Methodological Concerns
Poor Group Assignment
  • How were individuals assigned to groups?
  • Almost 2x more females than males recruited. Despite indicating they were balanced across groups, e.g. “were randomly assigned across the three following groups, balanced with respect to age and gender” (pg 23), still imbalanced due to more females and mostly undergrads
  • What is the distribution of the demographics in session 4 and does “availability” bias the conclusions.
Prior to Study Use: Patterns of LLM use*
  • Figure 30 shows that “no response” == 100%, daily == 20%, 2-3x week 15% and 10% from time to time for the rest… hard to understand why “no response” is 100%
  • Figure 32 shows that when people switch groups they use GPT differently. So adoption of use and self-selection can bias the prior results
Recruitment and Attrition*
  • Why 54 participants and how were they recruited? Why 4 sessions over 4 months and who dropped out and why?
    • While stated that recruitment occurred over 4 months, did they come back in a consistent manner?
  • There were 60 recruited; due to scheduling problems, 55 completed the experiment in full, but only report data on 54 across 3 sessions. What happened to 55th participant?
  • Wide age range: 18 to 39, with 35 undergrads, 14 postgrads, and 6 masters/PhDs (Figure 2)
  • Northeastern, Tufts, Harvard: most males recruited; Mostly female. Unclear imbalance/poor sampling
Posthoc Session Structure
  • If the experiment was 1-3 sessions, why was a an “optional” 4th session analyzed?
    • Each participant attended three recording sessions, with an option of attending the fourth session based on participant’s availability. The experiment was considered complete for a participant when three first sessions were attended.
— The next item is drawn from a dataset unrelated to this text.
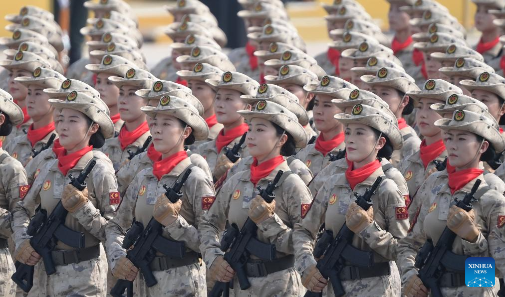 The militia formation marches through Tian'anmen Square during a military parade in Beijing, capital of China, Sept. 3, 2025. China on Wednesday held a grand gathering to commemorate the 80th anniversary of the victory in the Chinese People's War of Resistance against Japanese Aggression and the World Anti-Fascist War. (Xinhua/Jiang Han)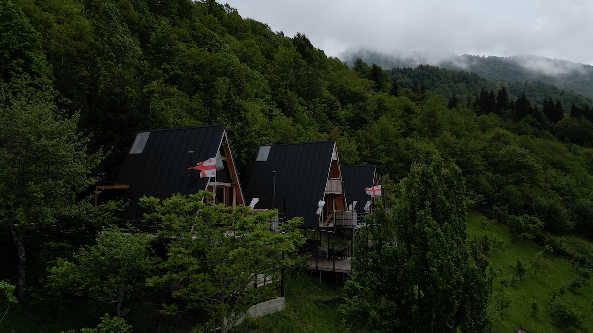 The Overlook is located in mountainous Adjara, 55 kmfrom Batumi, where you will find a quiet and cozy enviroment. We have 3 different cottages, One is large and the rest two are small ones. In the large cottage, we have two king-size bedrooms and one sofa And in the small ones, we have only one bedroom and one sofa☺️🏡

Session 4 was considered an extra session” (pg. 23)
  • Given the risk of self-selection bias, timing and sample size (9 per group in session 4), is it appropriate to interpret these findings as the most important in the summary statement?
    • If anything, Session 4 results should have only been mentioned in passing in the discussion or excluded entirely. Instead, the authors LEAD with the findings in their summary. 
Potential Learning Effects
  • Does the Brain-only group have a learning effect that carry-over into session 4?
  • While it says participants were forbidden from using search engines and LLMs during study dependent on the group assignment, there is a lack of evidence how much users did/did not use tools outside of the experiment. For example, if I am studying the effects of exercise on cardiovascular health over 6-months. My groups during the study either 1) do or 2) do not engage in exercise. However, the participants can exercise outside of the protocol between sessions. What can my experiment say about the effects of exercise on cardiovascular health?
Task Time Constraints*
  • Speed completion: After calibration, Stage 4 writing task lasted 20 minutes. 
  • EEG was short, so there were strict time constraints that add extraneous variables of stress/pressure. 
  • Some participants self-reported this in the debriefing interview:
    • Time pressure occasionally drove continued use: ‘I went back to using ChatGPT because I didn’t have enough time, but I feel guilty about it‘” (pg. 38)
Memory/Quoting Results  
sessions effects - brain on chatgpt
Figure based on data reported in Kosmyna et al. Preprint

The lack of targets for users is made clear in the paper. Which is clear why quoting was poor in Session 1, but at follow-up users understood the question may arise, so in Session 2:

  • ABILITY TO QUOTE: “Unlike Session 1, where the quoting question might have caught the participants off-guard, as they heard it for the first time (as the rest of the questions), in this session most participants from all the groups indicated to be able to provide a quote from their essay.” Quoting ability was 18/18 for brain-only and 2/18 for LLM/Search engine reported challenges in quoting (NOTE THE FLIP IN REPORTING TO MAKE IT APPEAR WORSE—clever!)
  • CORRECT Quote: LLM had 4 participants that couldn’t quote and 2 who were not able to provide a quote in groups 2/groups 3 (note how they refer to groups here, makes it harder to track due to inconsistency in labels)
  • Quoting performance seems to improve from Session 1 and stay constant for sessions 2/3, whereby 4-6 LLM users are unable to provide correct quotes and 2 unable from each of the other 2 groups

Session 4

  • The distinct shift in quoting ability in reassigned groups is uninterpretable because the performance was relatively consistent between groups prior. So users may have become more familiar with the approach before and so performed worse. If anything, session 4 indicates that going from LLM to Brain-only group does not result in the deficiency in thinking as they were able to adjust and still quote relatively well
  • Interestingly, the search engine to the other two groups isn’t clearly reported in the figures (pg. 38-39)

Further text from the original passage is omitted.